Assume we have an $n$-dimensional real-valued function $f$ whose $\ell_1$ sensitivity is equal to $GS(f) = 1$. We can also assume the sensitivity of each dimension is also $\Delta f = 1$.
For pure differential privacy, we have the Laplace Mechanism, whose magnitude is parametrized by the privacy level $\epsilon > 0$ and the $\ell_1$ sensitivity.

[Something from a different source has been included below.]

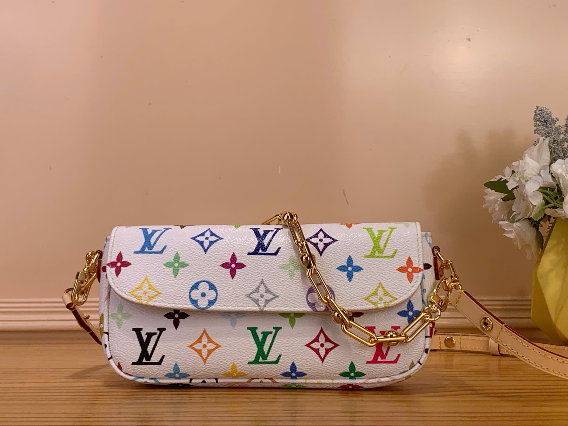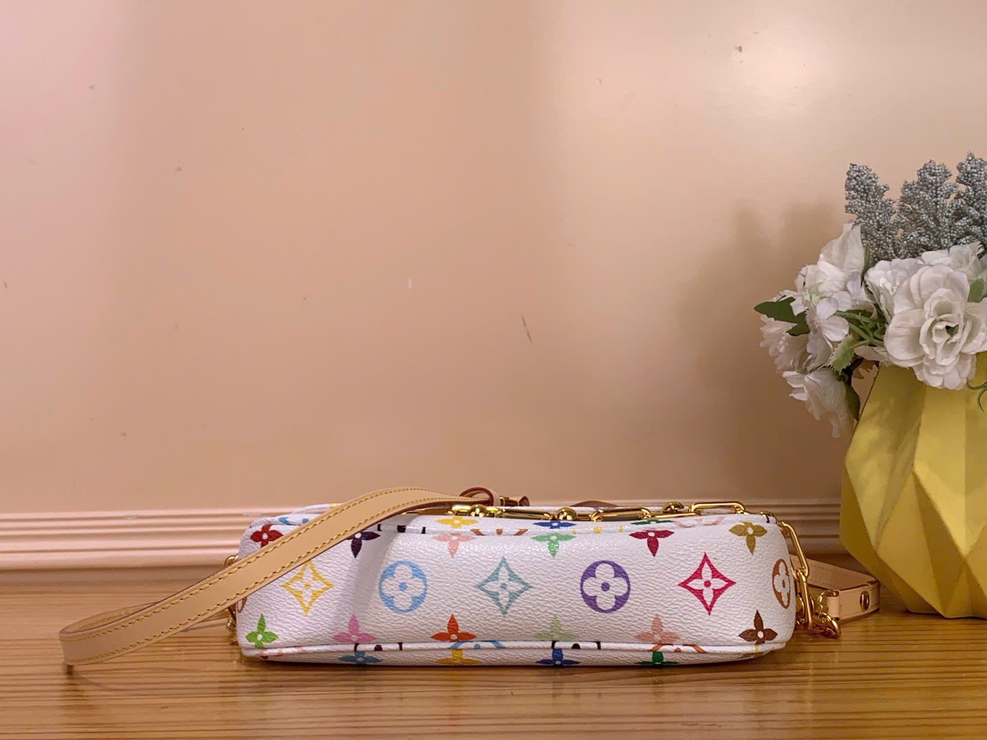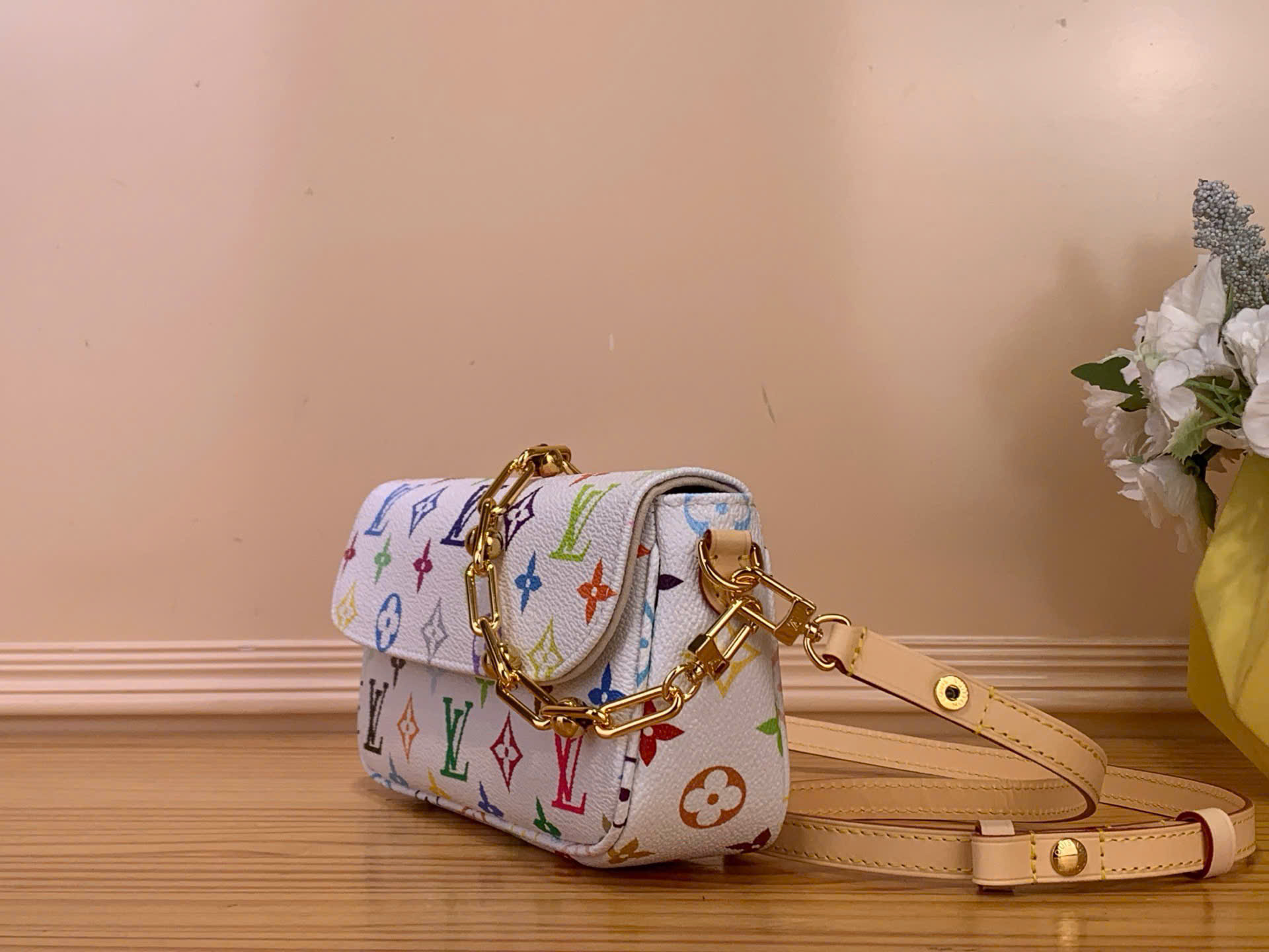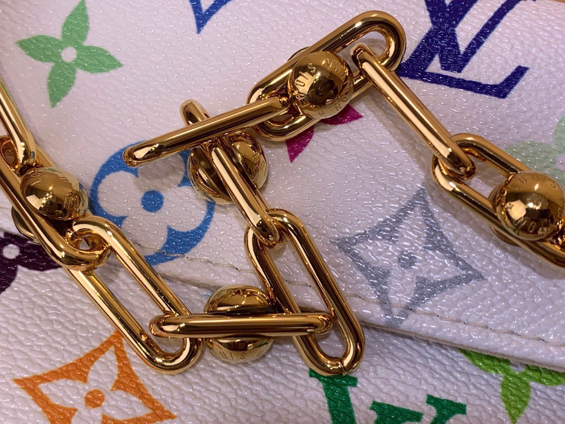 • Thuộc BST Monogram, lấy cảm hứng từ Sac Recoleta jh những năm 2000, kết hợp Monogram canvas sang trọng. • Thiết kế Wallet On Chain tiện dụng với ngăn thẻ và ngăn kéo khóa kéo, có thể đựng vừa các vật dụng cơ bản hàng ngày. • Dây xích và dây da có thể tháo rời, điều chỉnh linh hoạt, cho phép đeo vai dài, đeo chéo hoặc cầm tay. • Phiên bản siêu VIP, hoàn thiện tinh xảo, chuẩn boutique, mang đậm phong cách Louis Vuitton. • Màu sắc: Trắng họa tiết Murakami

If we were to add noise to each $n$ dimension by using sequential/basic-composition, we were going to need to scale the Laplace distribution with $\propto \Delta f / (\epsilon / n) = n / \epsilon$. However, since $GS(f) = 1$, we do not need to rely on basic proposition, rather, we can immediately add noise with magnitude $\propto GS(f) /\epsilon = 1 / \epsilon$. In summary, when we have $\Delta f = GS(f)$, we can sample $n$ iid noise from Laplace distribution with $\propto \Delta f/\epsilon$, and the $n$-dimensional result is still $\epsilon$-DP (privacy does not decay).
I am wondering whether we can extend this to approximate differential privacy; not for a specific noise mechanism like the Gaussian, but in general.
Question: Assume there exists a mechanism $\mathcal{M}$ that satisfies $(\epsilon, \delta)$-DP for any single-dimensional query with sensitivity $\Delta f = 1$. If I use this for each $n$ component of $f$, do I still have $(\epsilon, \delta)$-DP? Again, if we had $GS(f) = n \cdot \Delta f$, then we would have decayed to $(n\epsilon, n\delta)$-DP, but now I am wondering if when $GS(f) = \Delta f$ we can claim a similar result as in the Laplace noise case explained above.